Daniel Deusdado | Diário de Notícias
| opinião
Eu nunca abasteci na ANTRAM, a
associação que transporta combustíveis. E você? Perante esta greve, parece que
sim. É curioso: as petrolíferas dizem há muitos anos que amam os portugueses.
Dão-nos pontos e descontos, apps no telemóvel com alertas e juras de amor. Pedem-nos fidelidade! Até que um dia descobrimos que é falso. Afinal não são
marcas com "valores" e "sustentabilidade social", mas
apenas empresas que atuam no mercado global e subcontratam para não terem
responsabilidades. Onde está agora a lealdade da Galp, BP, Repsol, Cepsa, Prio,
etc...? Onde?
A minha tese é a seguinte:
lembram-se da velha discussão sobre a concertação de preços do combustível em
Portugal? As petrolíferas garantem que não há concertação de preços mesmo que
sejam idênticos (às vezes alinhados à milésima). A razão apontada até tem uma
certa lógica: tudo no mercado dos combustíveis é "padrão" - o custo
do crude é cotado nas bolsas; o transporte em navio também; idem para o valor
na refinação; e por aí fora. É tudo igual. Portanto os preços quase não variam
e na prática todos sentimos isso - até nos descontos, as marcas que dominam 80%
do mercado atuam de forma muito parecida. A própria Autoridade da Concorrência
diz que não há vestígios de concertação. Sim, esfrega-se os olhos e não se
acredita: cartel! Parece. Afinal, não é, dizem os especialistas.

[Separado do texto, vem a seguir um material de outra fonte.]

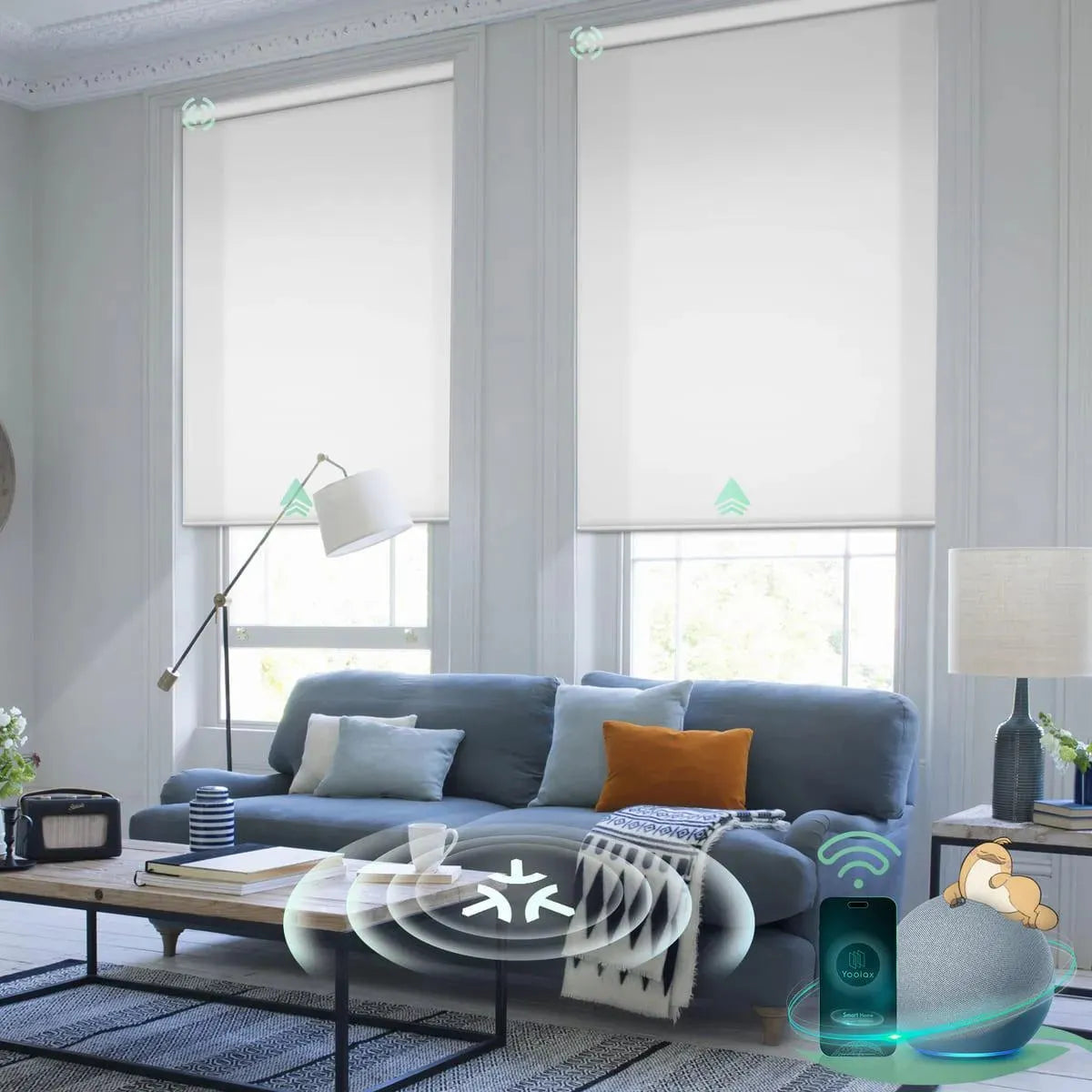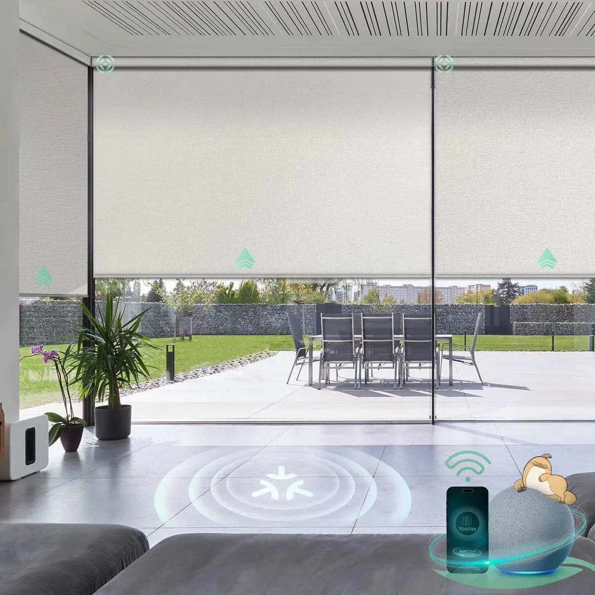 The motorized system supports optional solar panel charging, reducing energy consumption and minimizing the need for frequent recharging. Seamlessly integrated with Alexa, Google Assistant, Homekit and smart home routines, these solar shades deliver hands-free automation for everyday comfort.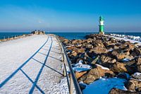 Pier aan de Oostzeekust in Warnemünde in de winter van Rico Ködder

Ora, se os custos do negócio são
genericamente "iguais", fruto do tal "benchmark internacional, a
remuneração operacional deveria corresponder a essa "tabela" - em
percentagem, claro.
Ficamos a saber em Abril que os
motoristas ganhavam miseravelmente. Aparentemente eles provaram que não estavam
no "padrão"... Perante a pressão, os donos dos camiões cederam. Falta
agora saber porque não cedem mais. E esta é a questão central: os patrões da
ANTRAM retêm uma margem excessiva para si ou as petrolíferas pagam mal em
Portugal o custo do transporte?
Portanto, sr. ministro Pedro Nuno
Santos, seria bom saber se é a ANTRAM que fica com a fatia grossa do negócio ou
se, pelo contrário, também os donos dos camiões-cisterna estão a ser espremidos
ao limite pela petrolíferas - e com isso não podem fazer mais aumentos aos
motoristas. Porque este não é um mercado qualquer. É um oligopólio.
Diz-me a experiência que a margem
do negócio do transporte não é normalmente extraordinária. Muito menos quando
as empresas têm de negociar com um cartel (tecnicamente se os preços do negócio
são todos iguais, há um "cartel"... involuntário...).
Todavia, para se chegar a
conclusões objetivas, o Governo deveria voltar a convocar a ANTRAM, o sindicato
e... o elefante da sala, a associação das petrolíferas, a APETRO. Está na hora
de se estudar, durante algumas semanas, se o que as petrolíferas pagam no
"outsourcing" em Portugal é mais alto ou mais baixo (em percentagem)
do que o padrão internacional do mercado do petróleo. E descobrir sem margem
para dúvidas quem está a ser vítima de um sequestro (para além de nós todos).
Isto não exclui a absoluta
insensatez do dr. Pardal em forçar esta greve de Agosto, depois de ter
conseguido notáveis resultados em Abril. Pior: os motoristas, que acabaram por
ter a simpatia dos portugueses, estão tão cegos na sua vaidade mediática e na
espiral de grupo, que não conseguem já perceber a selvajaria que vão
desencadear.
O próprio Governo está a tentar
minimizar os danos mas a deixar na praia quem tem o poder de inverter a
situação. Aliás, pode ter-me escapado algo, mas não vi nenhuma notícia de um
encontro entre os presidentes das principais petrolíferas, algo como uma reunião
de crise e um contributo dos seus milhões de lucros anuais para uma solução...
Mais: vá-se até ao site da APETRO, a associação das petrolíferas portuguesas.
Chega-se à página inicial e...? Greve? Qual greve? Nada. O problema não é
deles, é entre a ANTRAM e o sindicato do dr. Pardal. E nosso.
"Menos ais, menos ais, menos
ais... queremos muito mais!". Lembram-se? No meio de tanta soberba e
incompetência de um setor inteiro, ainda vamos a tempo de suspender a greve e
começar estudos e negociações com critérios objetivos, de boa-fé. Os
portugueses não merecem ser sequestrados.